* **Aim of the exercise**: Copy exactly, and only, the lines from the one with "А я предлагаю" to the end of the listing; omit pictures.

* **Information shown**:

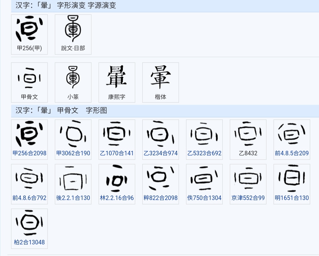 甲骨文【暈(日暈)、曇(圓虹)】互為異體分化字。詞例:翌壬申帝不令雨壬申暈。今其有禍甲午暈。
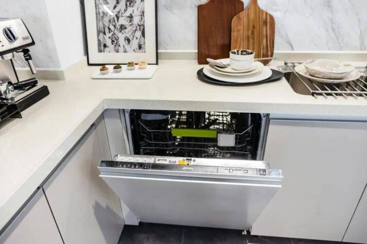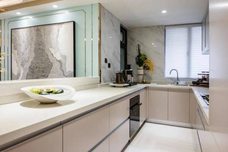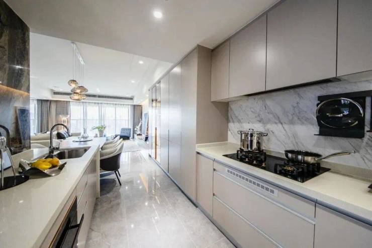平滑细腻的视觉感受,与客厅的空间设计、材质相统一。为了使厨房空间更具观赏性,设计师将烟机、冰箱、洗碗机隐藏,厨房整体线条更加流畅。
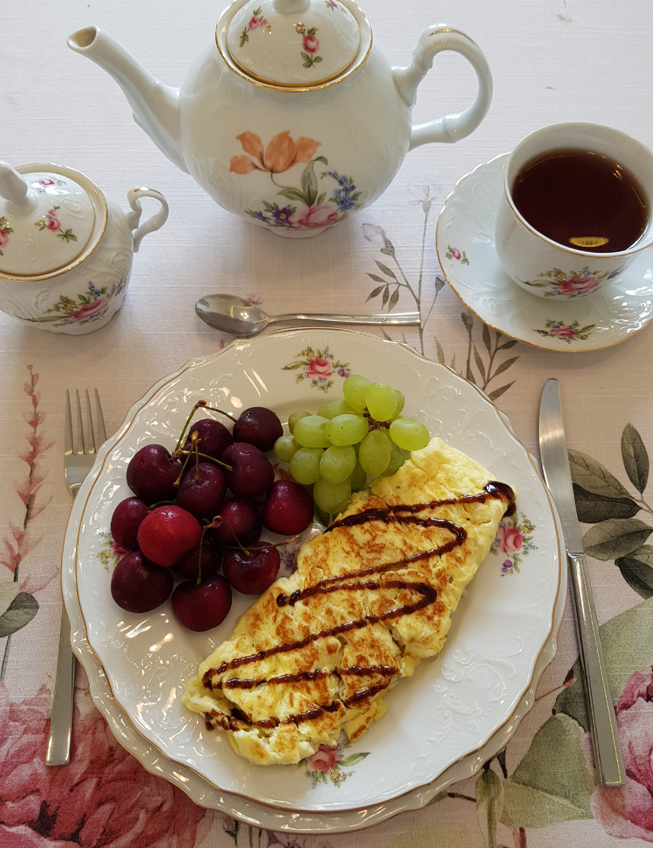 А я предлагаю дополнить данный омлет свежей черешней, виноградом и бальзамическим соусом.
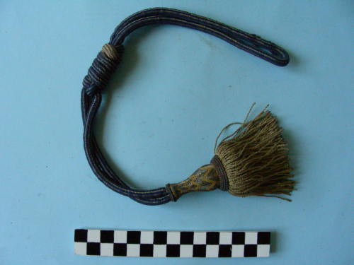 Con cordoncino annodato a metà, a righe alternate turchine e dorate; nappa a losanghe dorate e frangia dorata.

* **The completed task**:
 А я предлагаю дополнить данный омлет свежей черешней, виноградом и бальзамическим соусом.
 Con cordoncino annodato a metà, a righe alternate turchine e dorate; nappa a losanghe dorate e frangia dorata.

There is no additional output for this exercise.